Tatsächlich hatten die beiden Präsidenten in ihrer Pressekonferenz
kaum mehr als Plattitüden zu verkünden: Man müsse das Vertrauen
zwischen den Supermächten stärken, für den Frieden arbeiten und die
Verbreitung von Atomwaffen begrenzen, erklärten sie. Weder zum
Bürgerkrieg in Syrien, noch zur Zukunft der Ukraine gab es
irgendetwas Konkretes. Das Treffen mit Putin werde seine einfachste
Übung sein, hatte der Poltergeist im Weißen Haus vorher herausposaunt
und auf eine Wiederholung der "Trump-Show" für seine Anhänger
gesetzt. Offensichtlich hat er den kühlen Machtstrategen Putin
sträflich unterschätzt. Während der US-Präsident im Vorfeld mit
seiner Kritik an der Nato, Attacken gegen Deutschland und der
Diffamierung der Europäischen Union als "Feind" den Westen gespalten
und Russland in die Karten gespielt hatte, blieb Putin mit maliziösem
Lächeln eisenhart. Von Anfang an hatte er bei der Begegnung die
Oberhand. Erst ließ er Trump fast eine Stunde warten, dann
widersprach er ihm offen in der Iran-Politik und bei der Gas-Pipeline
Nordstream 2, und warf ihm schließlich einen WM-Ball zu, woraufhin
Trump erklärte, die USA wollten 2026 versuchen, ein ähnlich guter
Gastgeber zu sein wie Russland. Das ganze Bild, das Trump neben dem
stets kontrollierten Kreml-Chef abgab, war jämmerlich. Natürlich
erwähnte er weder die Lage der Menschenrechte in Russland, noch
sprach er sich für die Pressefreiheit aus. Das wäre auch schräg
herübergekommen, nachdem er zuhause die Journalisten als "Feinde des
Volkes" beschimpft und sich inzwischen weigert, Fragen des
US-Nachrichtensenders CNN zu beantworten. Je länger die
Pressekonferenz in Helsinki dauerte, desto mehr schien Trump den
Anlass zu vergessen und von seiner aberwitzigen Selbstfixierung
übermannt zu werden. "Es gab keine Zusammenarbeit" (mit den Russen),
beteuerte er mehrfach: "Wir haben eine brillante Kampagne gemacht.

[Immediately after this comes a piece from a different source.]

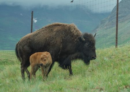 Ich kann nicht mehr. Die Bisons sind RIESIG! Und sie haben tatsächlich zwei Kälbchen dabei! Nicht auszudenken was jemand fühlt, der schon vor Kühen panische Angst hat.

Deshalb bin ich Präsident." Für das schlechte Verhältnis zu Russland
machte er die US-Demokraten und Sonderermittler Mueller
verantwortlich. Putin hatte die letzte Antwort schon beendet, als
Trump noch einmal nach dem Mikrofon griff: "Das Ganze ist eine
komplette Hexenjagd", stieß er aus. Als Zuschauer fühlte man sich
eher in einer Horror-Show. Der Gedanke, dass bei dem Gespräch mit
Putin außer zwei Dolmetschern keinerlei Ohrenzeugen dabei waren und
die Welt wahrscheinlich nie erfahren wird, was dort vereinbart wurde,
wirkt beunruhigend. Bislang schien es kompromittierendes Material
gegen einen US-Präsidenten, das in Moskauer Panzerschränken
schlummert, nur in der fiktiven Welt der Agenten-Thriller zu geben.
Nach dieser bizarren Vorstellung ist man sich nicht mehr so sicher.